2004–2005 South Korean television series

Immortal Admiral Yi Sun-sin is a South Korean television series based on the life of Yi Sun-sin, a Korean admiral famed for his victories against the Japanese navy during the Imjin war in the Joseon period.

The series, starring Kim Myung-min in the title role, aired on KBS1 on Saturdays and Sundays at 21:45 from September 4, 2004 to August 28, 2005 for 104 episodes.

The series filmed on location at the actual battle sites. It made extensive use of rendered images and a reconstruction of a turtle ship. Due to the preparation needed, the show took many months to produce.

==Plot==
Immortal Admiral Yi Sun-sin is structured as a sweeping historical epic told largely in flashback. The drama opens in late 1598, on the eve of the Battle of Noryang, as Admiral Yi Sun-sin prepares for what will become his final engagement. As he lies fatally wounded aboard his flagship, the narrative reaches back to trace the full arc of his life — his childhood, his rise through the military ranks, the catastrophic Japanese invasions, his disgrace and imprisonment, his reinstatement, and his ultimate sacrifice.

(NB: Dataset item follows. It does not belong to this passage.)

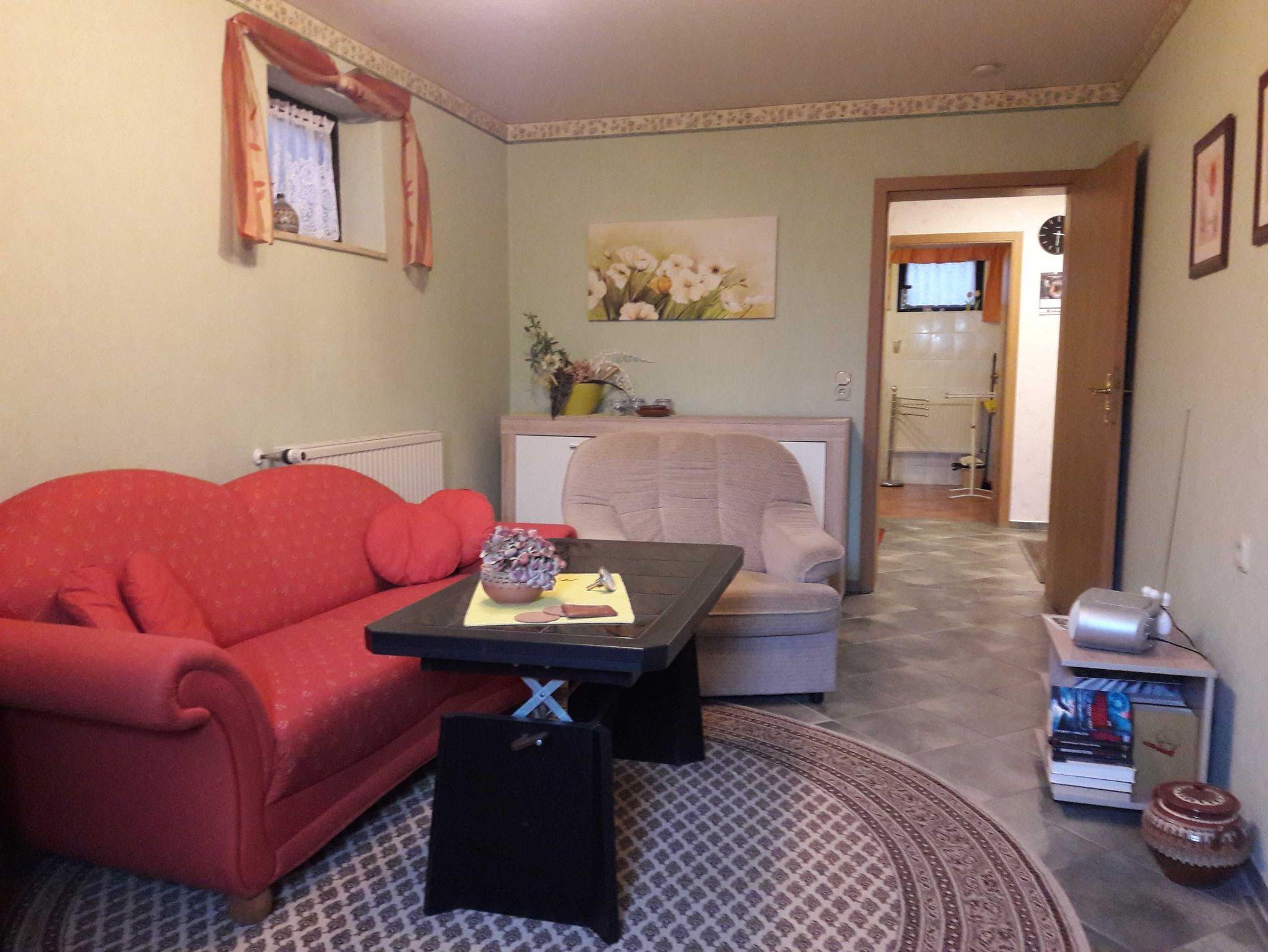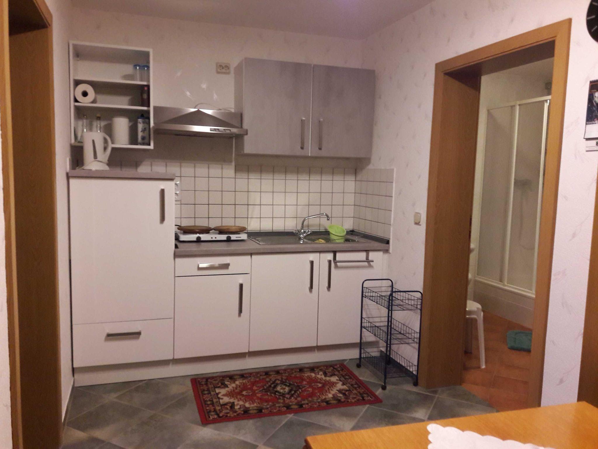 Die Ferienwohnung verfügt über einen Wohn-, und einen Schlafraum und ein Bad mit Dusche. Die voll ausgestattete Küche hat eine Küchenzeile mit Kühlschrank, Plattenkocher und einen Minibackofen.

===Early Life and Formation (Episodes 1–15)===
The drama begins with Yi Sun-sin's boyhood in the mid-16th century during the reign of the Joseon dynasty. Unlike the traditional heroic portrayal, the series depicts young Yi (played by Yoo Seung-ho) as a quiet, introspective, and physically unimpressive child — shy and often bullied — yet one who cannot look away from injustice around him. He witnesses the suffering of commoners at the hands of corrupt officials and aristocratic landlords, and these early experiences plant the seeds of his unwavering moral compass.

A central friendship of the drama is forged during this period: Yi Sun-sin and Won Gyun meet as young men and develop a deep bond rooted in mutual respect. Won Gyun is depicted as bold, fiercely capable, and hot-tempered — a warrior who becomes something of an older-brother figure to the more reserved Yi. This relationship will later become one of the drama's most tragic threads.

Yi also encounters Yu Seong-ryong, who becomes Prime Minister, as a young scholar. Their friendship across the civilian-military divide will prove crucial during the darkest years of the Japanese invasion.

Yi's path to becoming a military officer is arduous. He fails his military examination the first time due to a horse-riding accident and must persevere through years of hardship before finally passing on a later attempt.

===Military Career and the Calm Before the Storm (Episodes 16–35)===
Having passed his military examinations, Yi Sun-sin begins his career as a low-ranking military officer stationed on the northern frontier, where Joseon faced periodic raids from Jurchen tribes. These postings, far from the court's political intrigue, are where Yi first demonstrates his tactical ingenuity and genuine care for his soldiers and the civilians under his protection.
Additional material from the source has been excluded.